Figure 1: Comparison of Roadheader Machine Excavation with Drilling and Blasting in a Mining Environment 

(Krzystof &Piotr, 2019).  


3 

Roadheader Technical Components 

Roadheaders are complex machines that consist of several key components that provide 

efficient excavation, mobility, and material handling. The main systems include the cutting 

head mechanism, hydraulic and electrical systems, and advanced navigation and control 

systems. 

Cutting Head Mechanism 

The cutting head is the primary excavation tool in a roadheader machine, responsible for 

breaking up rock and soil using mechanical force. It consists of a rotating drum equipped with 

multiple tungsten carbide picks strategically positioned to maximize cutting efficiency. The 

cutting process is accomplished through a combination of rotary motion and forward thrust, 

allowing the machine to effectively penetrate rock masses and break up their structure. 

Roadheaders are equipped with two main types of cutting heads: transverse and axial 

(longitudinal). Transverse heads have a horizontally oriented drum, which makes them 

particularly effective in soft rock, where wide, uniform cuts facilitate faster excavation. In 

contrast, longitudinal heads with a vertically rotating drum provide deeper penetration and high 

efficiency in hard rock, concentrating the cutting force on a smaller contact area. The choice of 

cutting head orientation is determined by the geological conditions of the excavation site and 

the requirements of the specific project. 

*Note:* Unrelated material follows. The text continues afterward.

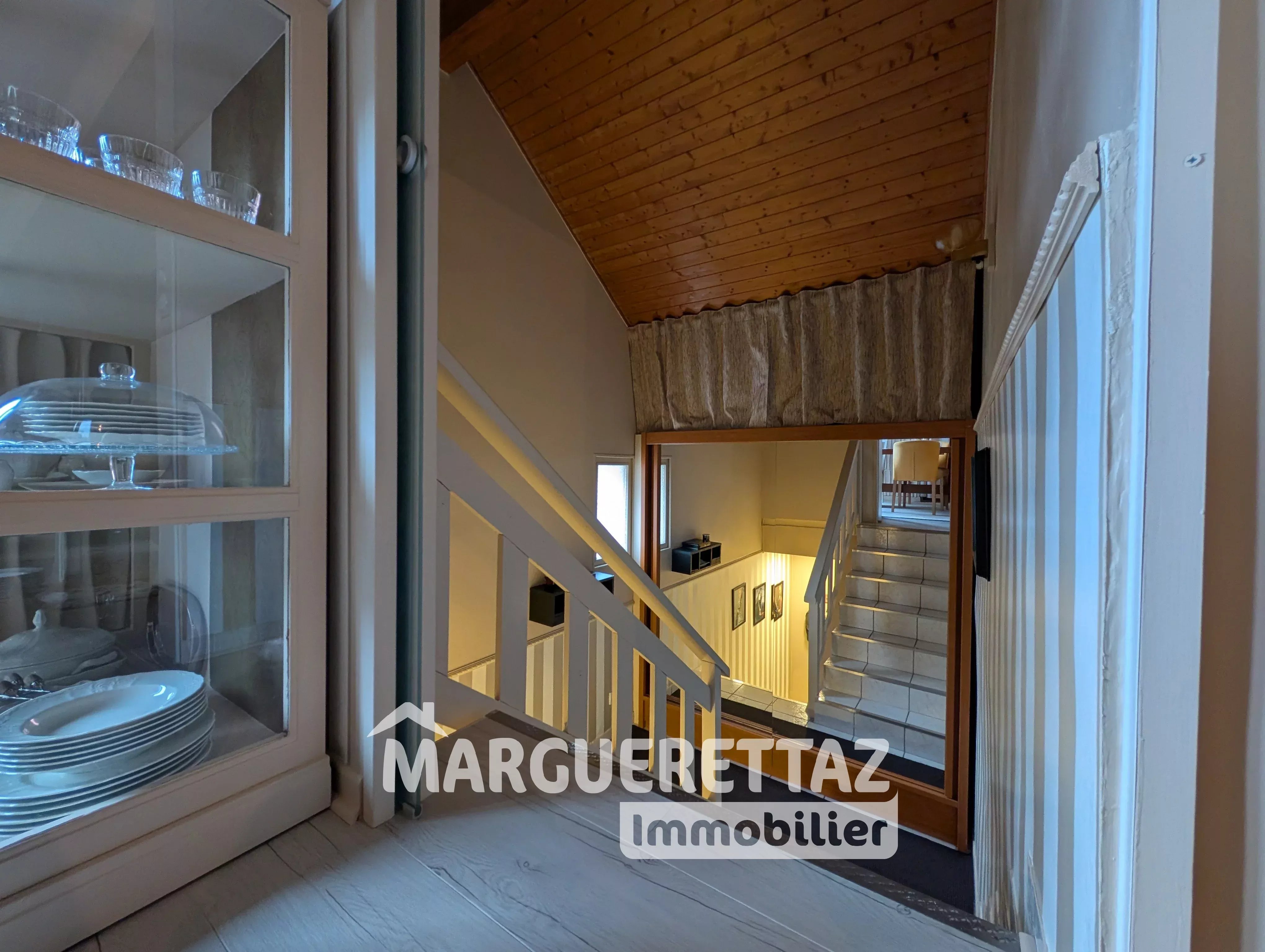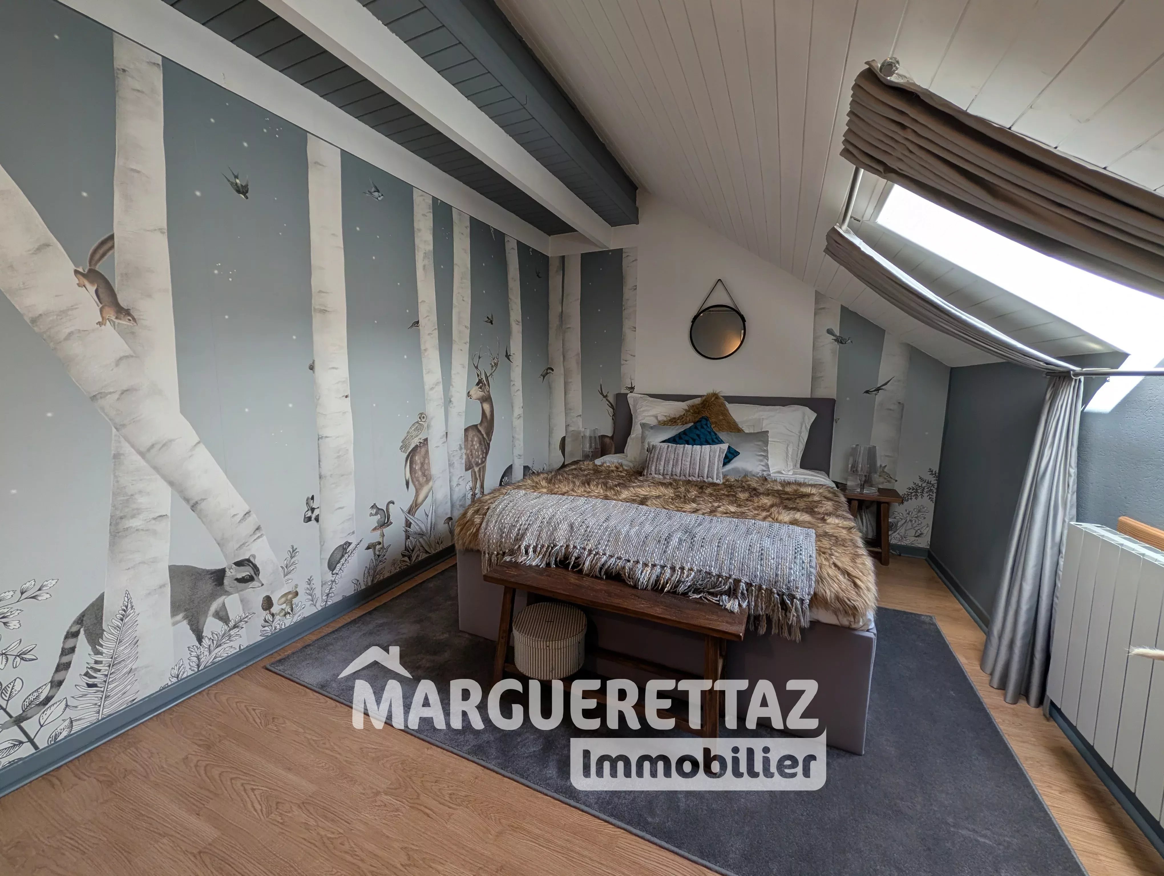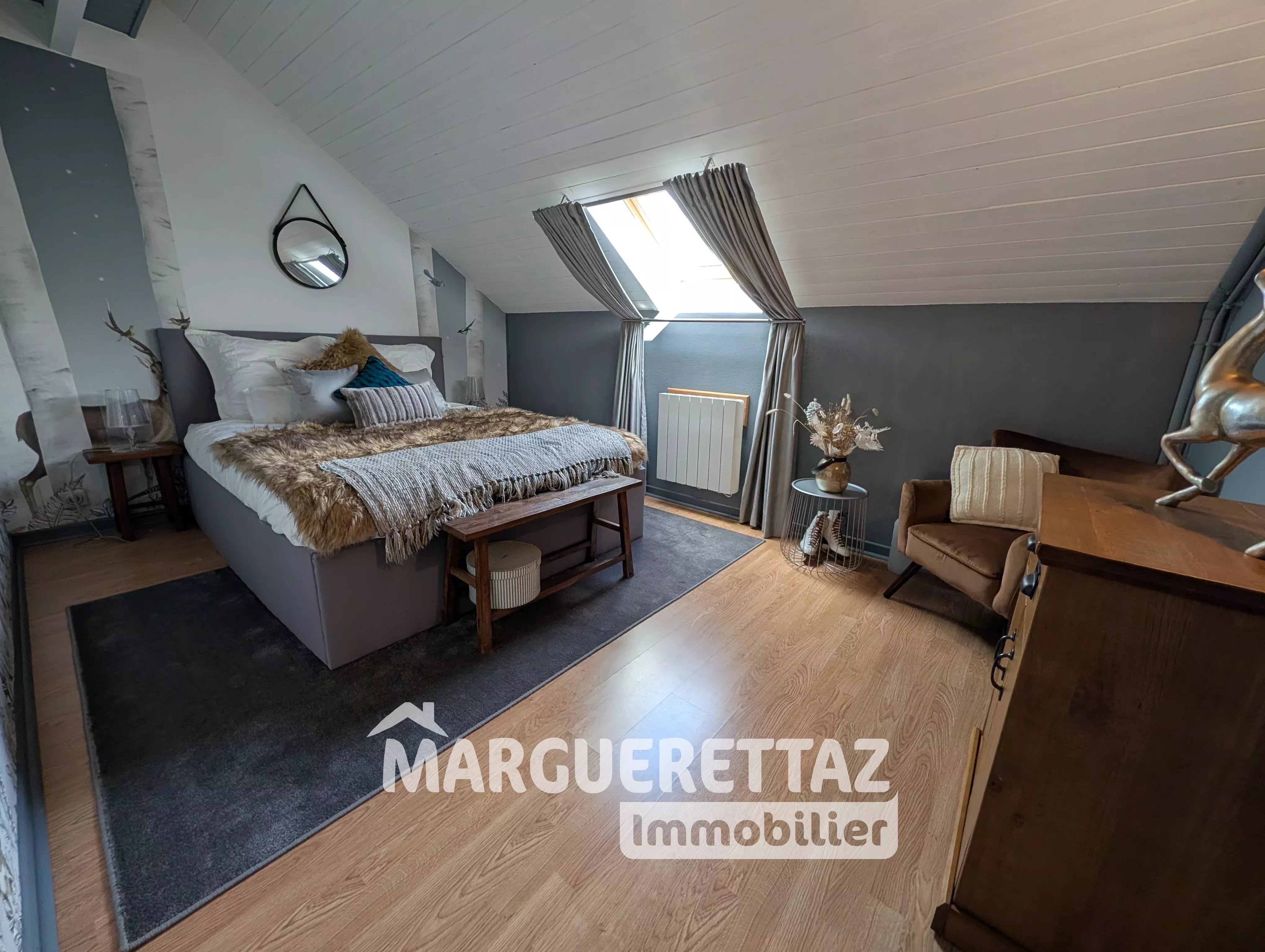 NOUVELLE EXCLUSITE A L'AGENCE Coup de cœur à ST JEOIRE pour ce joli T4 de 82 m² rénové en 2021, traversant, il est situé au dernier étage d'une petite résidence bien entretenue et entièrement rénovée en 2014 (faible charge 40 € / mois syndic bénévole). CE BIEN EST VENDU ENTIEREMENT MEUBLE (aucun travaux à prévoir). L'appartement se compose : D'une belle pièce de vie avec cuisine ouverte et équipée, placard de rangement, 3 chambres, une salle douche, un WC qui se compose: D'une grande entrée avec placard, une vaste pièce de vie mansardée ayant accès sur le balcon avec cuisine ouverte et équipée, 1 WC séparé, 1 salle de bain, 3 chambres avec placard, à l'étage une mezzanine servant de bureau, salon ou 4 éme chambre avec 1 grand dressing aménagé. 1 place de parking privative en extérieur et 1 cave complètent ce bien. (Pas d'ascenseur) A VISITER SANS TARDER ET POSER VOS VALISES !! Niveau de consommation énergétique : 226 kWh D Niveau émission des gaz à effet de serre : 8 kg B Montant estimé des dépenses annuelles d'énergie pour un usage standard : (entre 1 648 € et 2 230 € par an) Prix moyens des énergies indexés au 1er janvier 2021 Logement situé dans une copropriété loi n°65-557 du 10 juillet 1965. Nombre de lots principaux : (à confirmer). Montant moyen annuel de la quote-part de charges courantes : 500 euros / an. Aucune procédure en cours menée sur le fondement des articles 29-1A et 29-1 de la loi n°65-557 du 10 juillet 1965 et de l’article L.615-6 du CCH. BENTZ Sonia - Agent Commercial immatriculé au Registre Spécial des Agents Commerciaux (RSAC) du Tribunal de Commerce de Bonneville sous le numéro 399 391 853. Les informations sur les risques auquel ce bien est exposé sont disponibles sur le site Géorisques : www.georisque.gouv.fr

The efficiency of a cutting head depends on several factors, including tooth geometry, material 

composition, and cutting force distribution. Proper tooth spacing is critical to optimizing rock 

fragmentation and preventing excess energy consumption. Research shows that improper tooth 

spacing can lead to uneven force distribution, accelerated tool wear, and reduced overall 

excavation efficiency. In addition, advances in materials science, such as the use of 

polycrystalline diamond coatings, have improved tool wear resistance and extended tool life. 

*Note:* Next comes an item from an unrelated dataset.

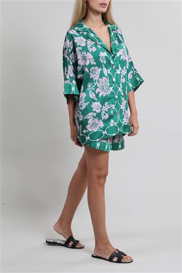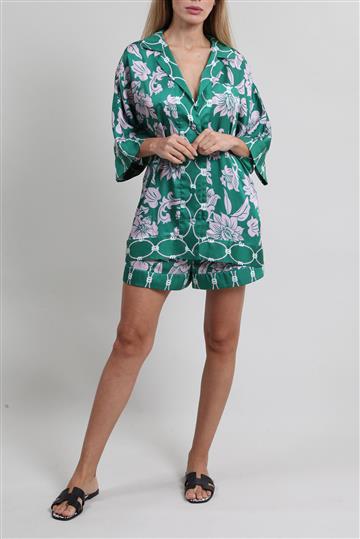 - Conjunto em tecido leve e acetinado de caimento fluido

Modern developments in automation and real-time monitoring have further improved cutting 

head efficiency. Sensor-based systems are now able to analyze cutting force data in real time, 

allowing automatic adjustments to the cutting parameters to optimize the process. Furthermore, 

the integration of water jet cutting technologies has proven effective in reducing cutting 

resistance, minimizing dust, and reducing the risk of cutting failure. 

 
4 

Hydraulic and Electrical Systems 

The hydraulic and electrical systems of a roadheader machine play a critical role in its 

operational efficiency, providing the necessary power for excavation, maneuverability, and 

control. The hydraulic system is responsible for actuating the cutting head, controlling boom 

movement, and driving the machine’s crawler tracks. High-pressure hydraulic cylinders adjust 

the position of the cutting head, providing precise adjustments that improve excavation 

efficiency. The responsiveness of the hydraulic system directly affects cutting performance, 

especially in hard rock conditions where greater force is required to penetrate the rock mass. 

To optimize energy consumption, modern roadheader machines use variable displacement 

hydraulic pumps that dynamically adjust fluid flow based on cutting conditions. This allows 

hydraulic power to be used as efficiently as possible, reducing energy loss and extending the 

life of the machine. Additional advances in hydraulic drive design have improved machine 

stability, enabling the machine to maintain consistent cutting performance even in challenging 

geological conditions. 

The machine’s electrical system powers key components including the cutter head motor, 

integrated sensors and lighting. Programmable logic controllers (PLC) and advanced sensors 

are integrated into modern machine systems to improve accuracy and automate processes. 

Variable frequency drive systems dynamically change the cutter head speed, enabling the 

machine to adapt to changing rock conditions in real time. Remote monitoring capabilities 

provide continuous feedback on machine performance, facilitating predictive maintenance and 

reducing unplanned downtime. 

Navigation and control systems 

The integration of modern navigation and control systems has significantly improved the 

accuracy and efficiency of roadheader. Previously, traditional machines required skilled 

operators to manually adjust cutting parameters based on visual judgment and experience. 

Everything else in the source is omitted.